_Records for this exercise_
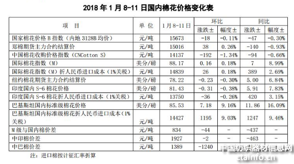 随着春节临近,国内部分纺企开始少量备货,棉花询价、采购积极性缓慢提升,国内棉价整体呈现弱势,局部地区略有回暖迹象,郑棉期价随外盘上涨。1月8-11日代表内地标准级皮棉销售均价的国家棉花价格B指数15662元/吨,较上周下跌12元/吨,跌幅0.07%。郑州棉花期货CF1801合约结算价15211元/吨,较上周上涨190元/吨,涨幅1.3%。
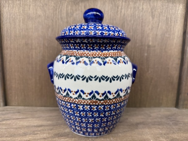 We currently have 3 pcs of this polish pottery jar with lid and handles available from our Texas warehouse.
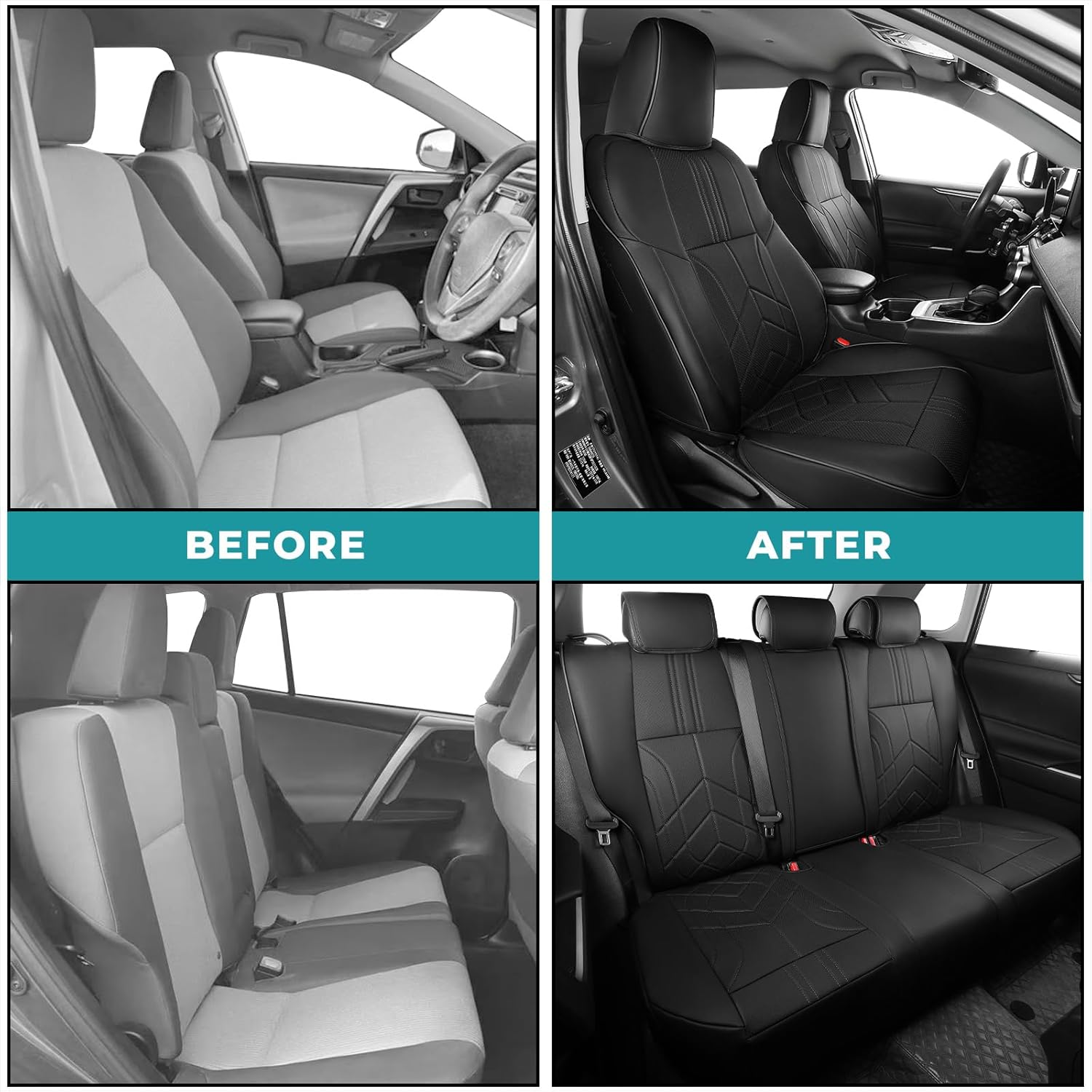 for Toyota RAV4 Seat Covers 2013 2014 2015 2016 2017 2018 RAV 4 XLE SE Limited Platinum Adventure (not for LE&Hybrid) - Custom Leather Car Seat Covers Full Set - Black
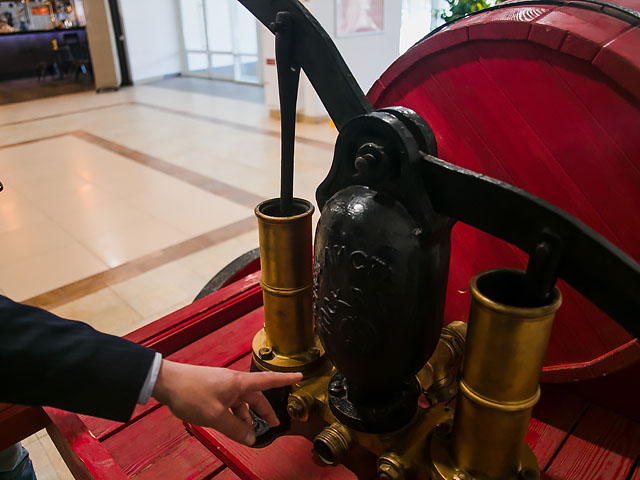 А.В.: Здесь много арт-объектов, это всё мои идеи. Вот это уникальная вещь (показывает на пожарную помпу) – она полностью литая, её отреставрировали. Если ты захочешь её купить, ты её не купишь. Я это купил в антикварном магазине на Кирова. Купил и подумал: надо сделать арт-объект. И вот, пожалуйста. Вокруг насоса была уже сделана эта телега. Это же всё творчество, ты идёшь, и – хоп! – у тебя «стрельнуло».
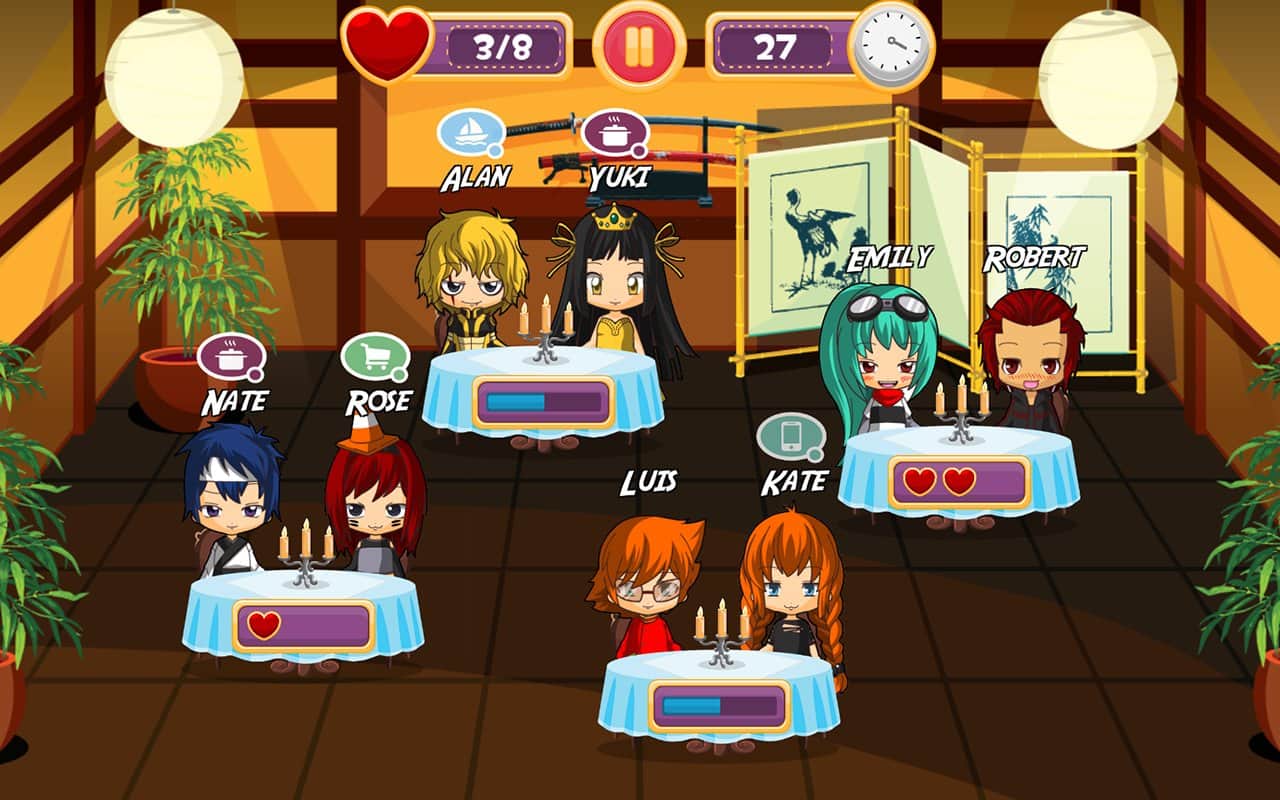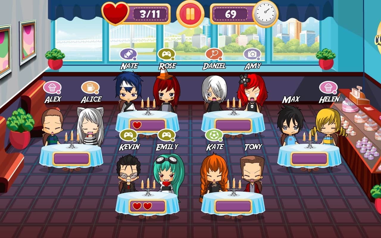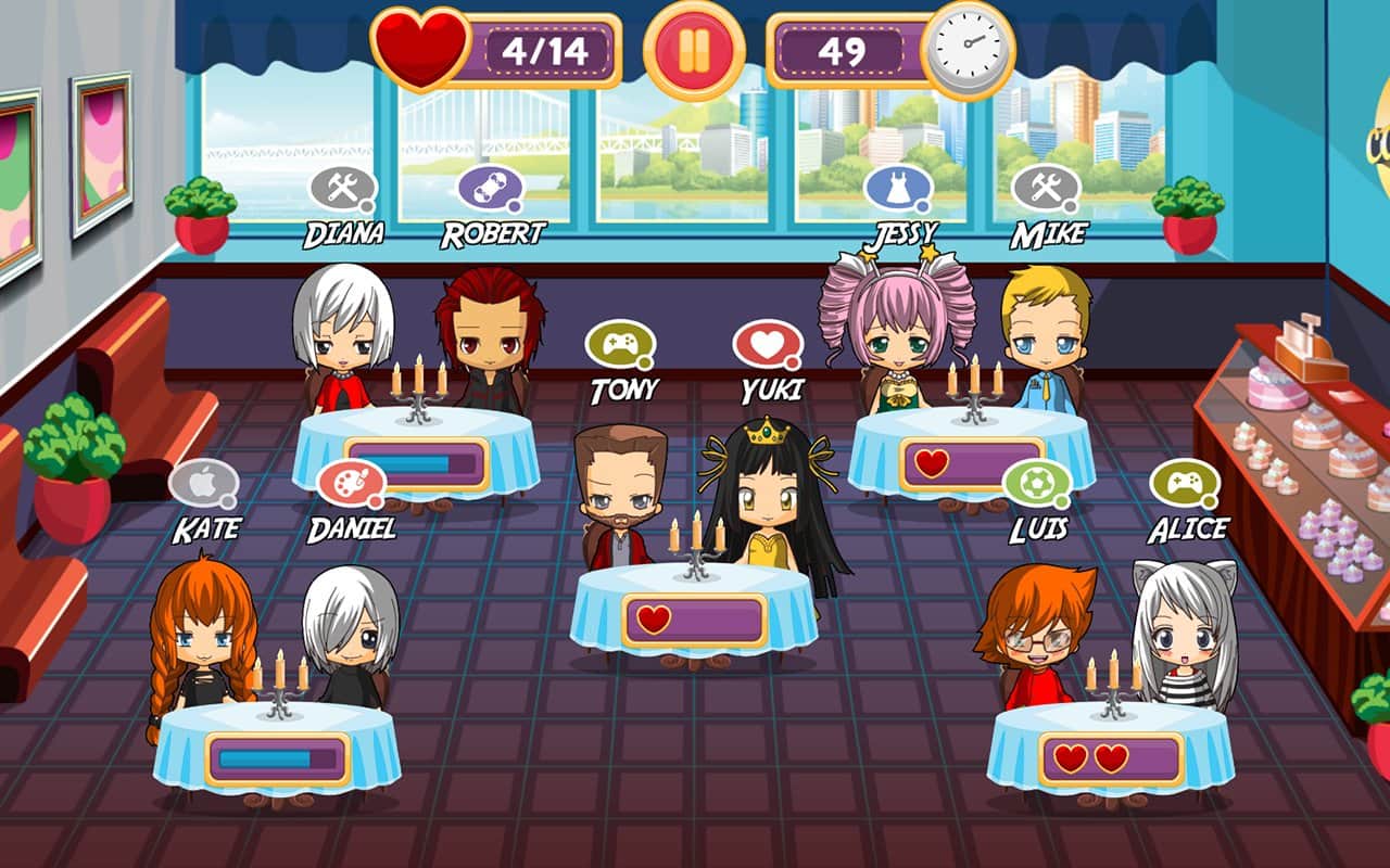 Speed Dating - увлекательная игра для детей и взрослых в которой они будут помогать героям игры находить свою половинку на быстром свидании. Эта игра разработана для того чтобы наши герои нашли себе пару. Перемещайте персонажей, рассаживая их по разным столикам так, чтобы они нашли партнера по увлечениям. В этом вам помогут облачка, возникающие у героев над головами, в них вы сможете понять, чем увлекается тот или иной герой. Комбинируйте ваших героев и набирайте достаточное количество очков, чтобы пройти уровень. В игре есть несколько игровых режимов, каждый режим отличается своими индивидуальными особенностями такими как, подобрать пару за короткое время, за определенное количество перемещений, а также запомнить кто с кем сидел чтобы также их рассадить.
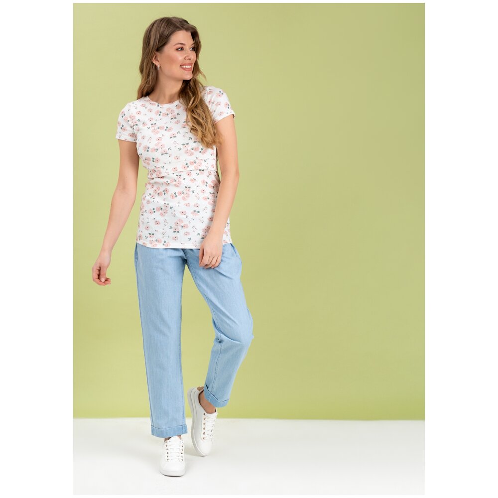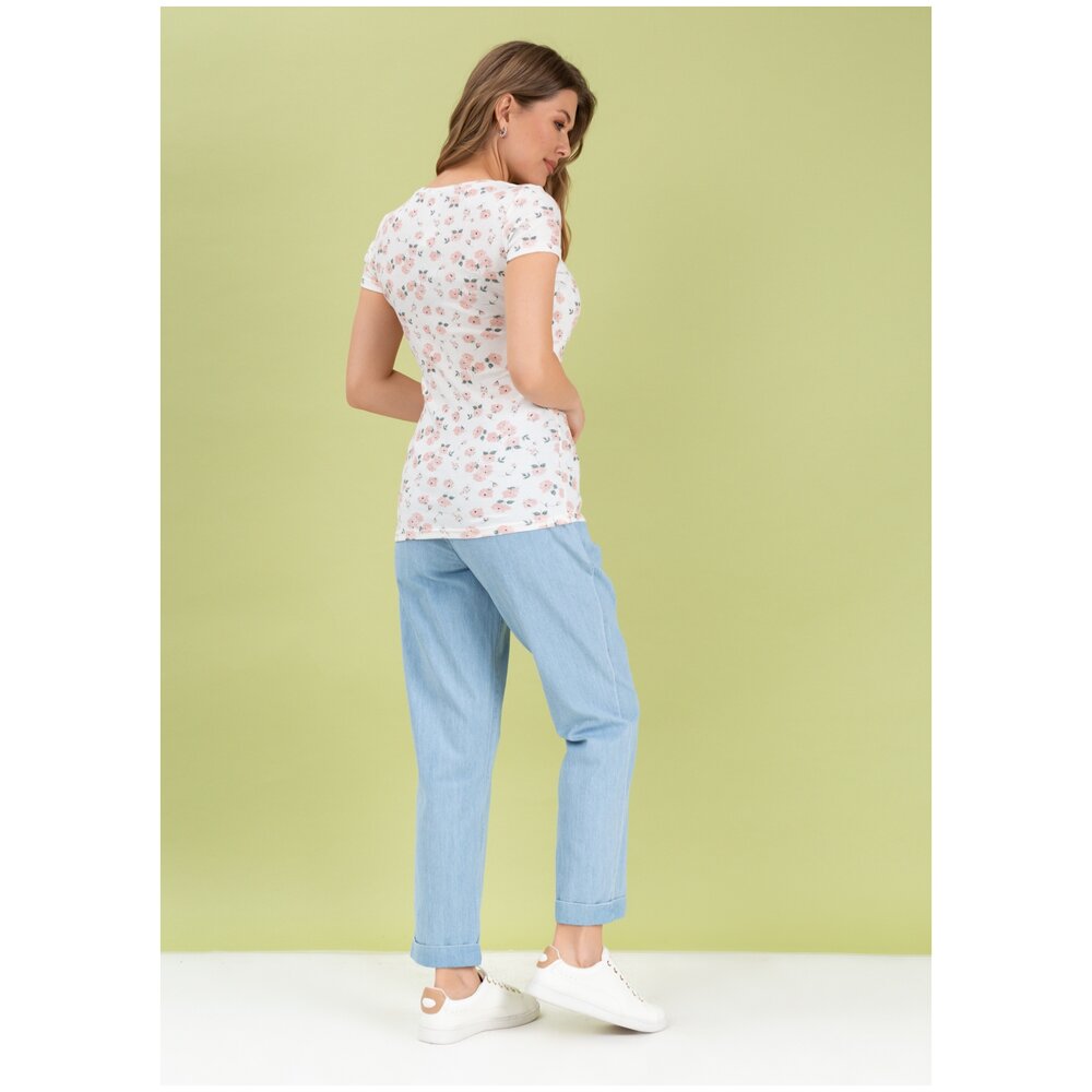 Футболка I love mum Веста белая/цветы для беременных и кормящих (46)

_Exercise_
Only the lines from the first line of the listing above through the line with "for Toyota RAV4" should be set down, exactly and without pictures.

_Response to this exercise_
 随着春节临近,国内部分纺企开始少量备货,棉花询价、采购积极性缓慢提升,国内棉价整体呈现弱势,局部地区略有回暖迹象,郑棉期价随外盘上涨。1月8-11日代表内地标准级皮棉销售均价的国家棉花价格B指数15662元/吨,较上周下跌12元/吨,跌幅0.07%。郑州棉花期货CF1801合约结算价15211元/吨,较上周上涨190元/吨,涨幅1.3%。
 We currently have 3 pcs of this polish pottery jar with lid and handles available from our Texas warehouse.
 for Toyota RAV4 Seat Covers 2013 2014 2015 2016 2017 2018 RAV 4 XLE SE Limited Platinum Adventure (not for LE&Hybrid) - Custom Leather Car Seat Covers Full Set - Black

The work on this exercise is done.